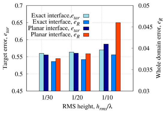 Reconstruction errors in the whole domain and inside the target versus the RMS height of the air–soil interface, .
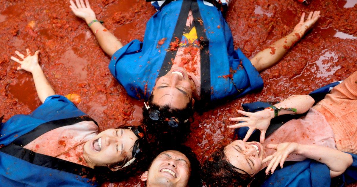 The festival which has no religious significance was first held in August 1945 following a fight among a group by throwing vegetables and fruits at each other.
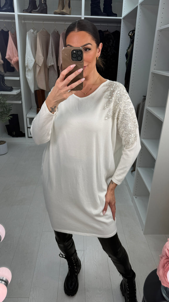 Wrap yourself in cozy charm with the Mireya Embellished Shoulder Longline Jumper. Featuring a flattering V-neck and a relaxed, loose fit, it’s perfect for layering or wearing solo. The sparkling embellished shoulders add a cheeky touch of sparkle to your everyday look, making comfort feel a little more fabulous. Whether you're lounging or out and about, this jumper effortlessly blends laid-back style with a hint of playful glamour.
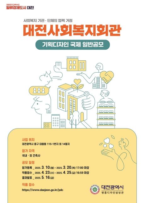 이장우 대전시장은 “공공건축은 도시의 얼굴이자, 시민의 삶의 질을 결정하는 핵심 요소”라며 “기획 디자인 공모를 통해 대전사회복지회관이 지역 복지 네트워크의 중심으로 자리잡고, 나아가 원도심 활성화의 새로운 모델이 될 수 있도록 유능한 국내·외 건축가의 창의적인 설계안을 기대한다”라고 말했다.
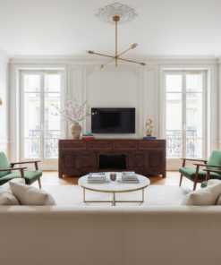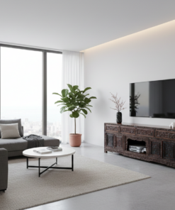 Meuble Bas Chinois Panneaux décors sculptés Epoque XXème
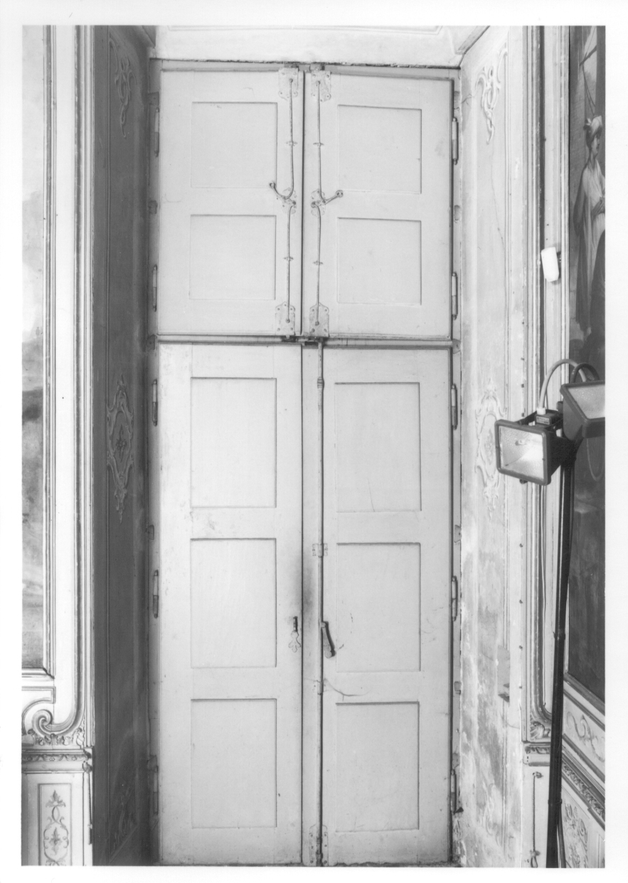 - NOTIZIE STORICO CRITICHE APPARTAMENTO DEL DUCA DI SAVOIA, DETTO DEL RE CARLO FELICE: : PRIMA ANTICAMERA: Si devono a Giovanni Battista Alberoni (Modena? ca. 1700 - Torino ca. 1785) e Giovanni Franco Cassini (notizie intorno alla metà del XVIII secolo) gli affreschi della volta, risalenti al 1754. Dello stesso anno sono i lambriggi (zoccolo) e le imposte delle finestre a finti stucchi e nature morte di Francesco Antoniani (Milano, 1700, circa - Torino 1775). L'affresco dell'ovato centrale della volta, parimenti del 1754, è di Giuseppe Salega (Torino?, notizie dal 1750 - Torino, 1782): vi sono raffigurati Giochi di putti. I pannelli delle porte volanti sono di Giovanni Battista Alberoni, databili ipoteticamente al 1754. I cartoni preparatori per arazzi ad olio su tela di Francesco Antoniani, raffiguranti Marine e Boscarecce, risalgono al 1743-44 ca. Le due mostre di camino, in marmo d'Ars, forse realizzate su progetto di Giovanni Tommaso Prunotto (Guarene, ca. 1700 - Torino?, ca. 1771) sono del 1770
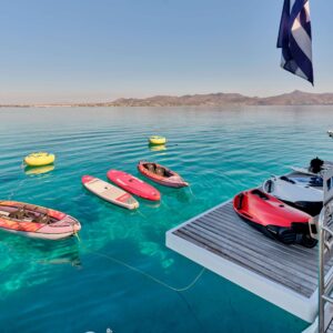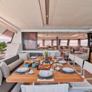 Her 36m² cockpit is designed for unforgettable social occasions, opening fully onto the lounge with several sunbathing spots, a galley with a plancha grill and a dining setting to cater for a large number of guests.
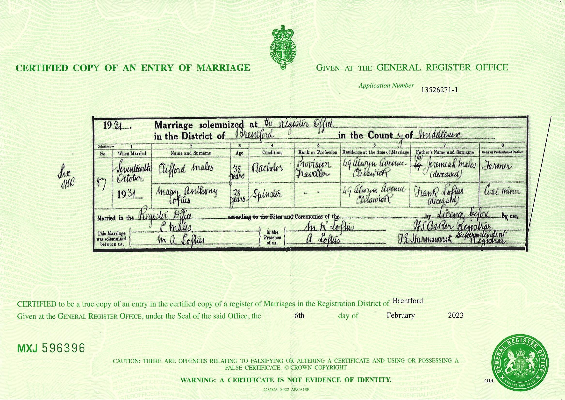 However, I did by search find a Clifford MALES marrying Mary Anthony LOFTUS in Brentford in 1931. This fitted with the Sussex electoral roll records. I decided to send for the certificate of his marriage to Mary A LOFTUS.
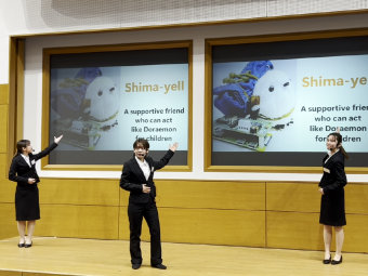 石川高専のチームは、子どもの意見発信を支援するコミュニケーションロボット「シマエーる」を紹介しました。
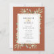 Featuring délicate feuilles de verdure à l'aquarelle et des verres à champagne, cette invitation chic de brunch et de bulle pour l'enterrement de vie de jeune fille peut être personnalisée avec les informations de votre événement de célébration spéciale, avec un fond terracotta au verso. Conçu par Thisisnotme©
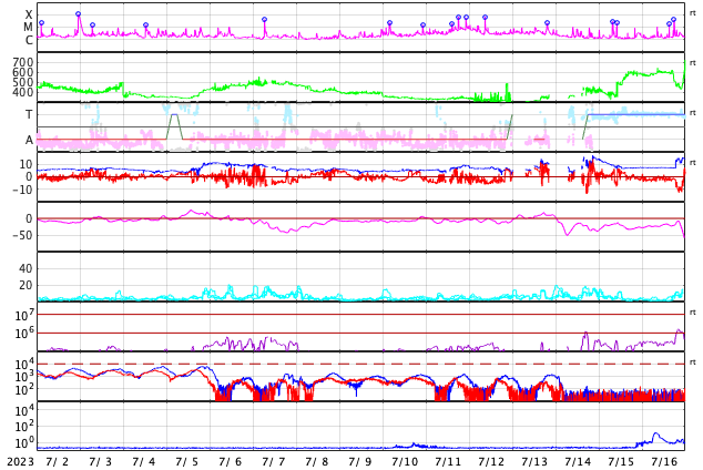 2023/ 7/31 13:48 太陽風はやや高速の状態です。太陽は比較的落ち着いています。
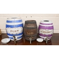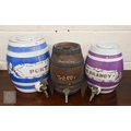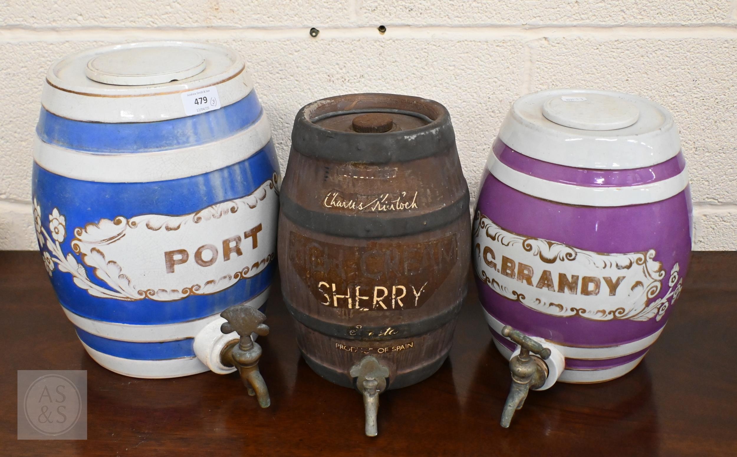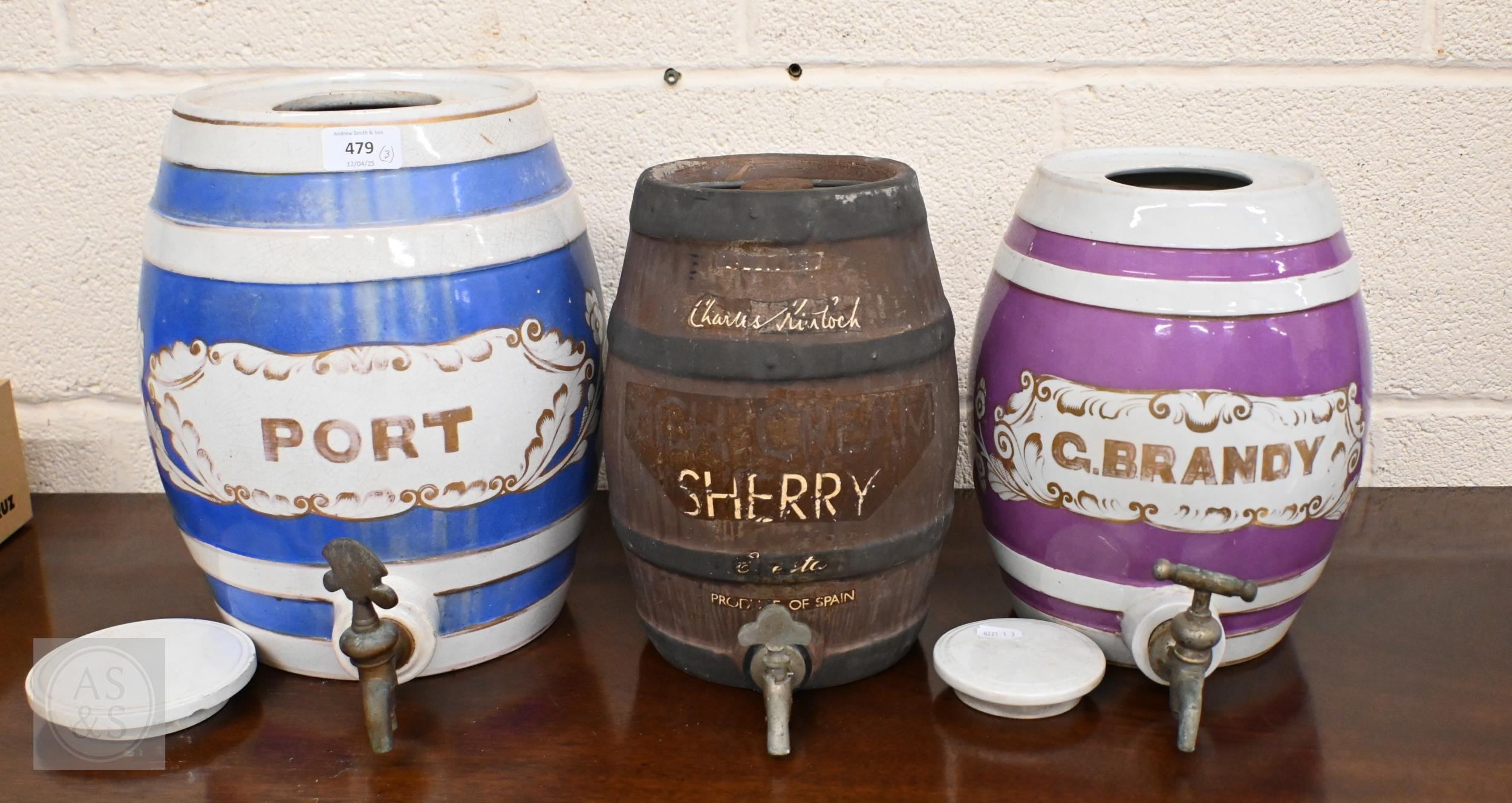 Three pottery barrels with brass spigots, for Port, G Brandy & Charles Kinlock Sherry
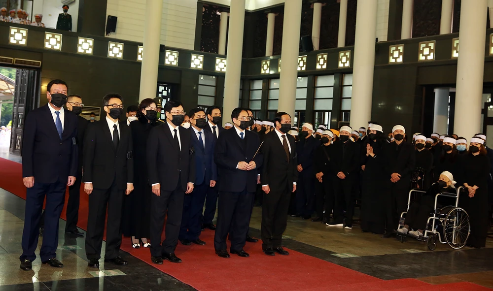 Thủ tướng Phạm Minh Chính dẫn đầu Đoàn đại biểu Chính phủ nước CHXHCN Việt Nam viếng ông Nguyễn Côn. Ảnh: VGP

+++

▸ **Problem**: All that is needed is an exact copy of the lines from the top of the entries through the line containing "Meuble Bas Chinois", pictures left out.

▸ **Response box**:
 Reconstruction errors in the whole domain and inside the target versus the RMS height of the air–soil interface, .
 The festival which has no religious significance was first held in August 1945 following a fight among a group by throwing vegetables and fruits at each other.
 Wrap yourself in cozy charm with the Mireya Embellished Shoulder Longline Jumper. Featuring a flattering V-neck and a relaxed, loose fit, it’s perfect for layering or wearing solo. The sparkling embellished shoulders add a cheeky touch of sparkle to your everyday look, making comfort feel a little more fabulous. Whether you're lounging or out and about, this jumper effortlessly blends laid-back style with a hint of playful glamour.
 이장우 대전시장은 “공공건축은 도시의 얼굴이자, 시민의 삶의 질을 결정하는 핵심 요소”라며 “기획 디자인 공모를 통해 대전사회복지회관이 지역 복지 네트워크의 중심으로 자리잡고, 나아가 원도심 활성화의 새로운 모델이 될 수 있도록 유능한 국내·외 건축가의 창의적인 설계안을 기대한다”라고 말했다.
 Meuble Bas Chinois Panneaux décors sculptés Epoque XXème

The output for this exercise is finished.